Intranasal absorption of dry powder epinephrine is faster than EpiPen offering a clinical advantage in the short therapeutic window for the treatment of anaphylaxis. The FMXIN002 product offers a needle-free, pocket-size, safe, user-friendly, and stable alternative to epinephrine autoinjectors.
肾上腺素肌内(IM)自动注射器是治疗 I 型即刻过敏反应(type I)的救命药物。然而,由于保质期短、成本高、使用恐惧或携带不便,它有时会被错误使用或使用不足。FMXIN002 是一种肾上腺素鼻内粉雾剂,作为无针替代药物而开发。
比较 FMXIN002 鼻内喷雾与自动注射器给药后肾上腺素的药代动力学、药效学和安全性。
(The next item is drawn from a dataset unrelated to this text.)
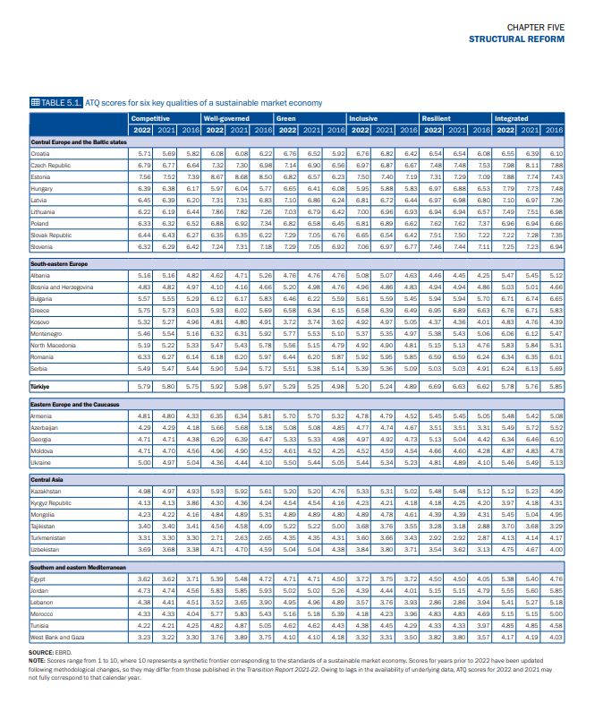 Në gjetjet për Shqipërinë të raportit për Tranzicionin të Bankës Europiane për Rindërtim dhe Zhvillim për vitin 2022-2023, cilësia e qeverisjes së Shqipërisë është në përkeqësim.

对 12 例无哮喘的季节性过敏性鼻炎成人进行开放性试验。比较了 FMXIN002(1.6mg 和 3.2mg)鼻内给药(有/无鼻过敏原挑战)与 IM(0.3mg)EpiPen 之间的肾上腺素药代动力学、药效学和安全性。
FMXIN002 3.2mg 在鼻过敏原挑战后给药,Tmax 短于 EpiPen(中位数:2.5 分钟 vs 9.0 分钟,统计学无显著性差异[NS]),在吸收期 100pg/mL 时测量分析物浓度的时间也明显缩短pg/mL(FMXIN002 中位数:1.0 分钟 vs 3.0 分钟,P<.02)。此外,在挑战测试后给予 FMXIN002 3.2mg 可使最大测量血浆分析物浓度在采样期内翻倍(1110 对 551pg/mL,NS);0 至 8 小时的 AUC 高 56%(672 对 431 小时 pg/mL,与 EpiPen 相比,NS)。所有治疗的药效反应均相当。FMXIN002 耐受性良好,治疗引起的不良事件(AE)轻微、局部且自行缓解。在我们的研究中,未报告使用 EpiPen 后出现 AE。FMXIN002 在室温条件下稳定 2 年。然而,药代动力学的变异性(以变异系数表示)很高。有鼻过敏原挑战史会导致吸收速度和速度的实质性增加。
干粉肾上腺素的鼻内吸收速度快于 EpiPen,为治疗过敏反应的治疗窗口提供了临床优势。FMXIN002 产品提供了一种无针、口袋大小、安全、用户友好且稳定的肾上腺素自动注射器替代品。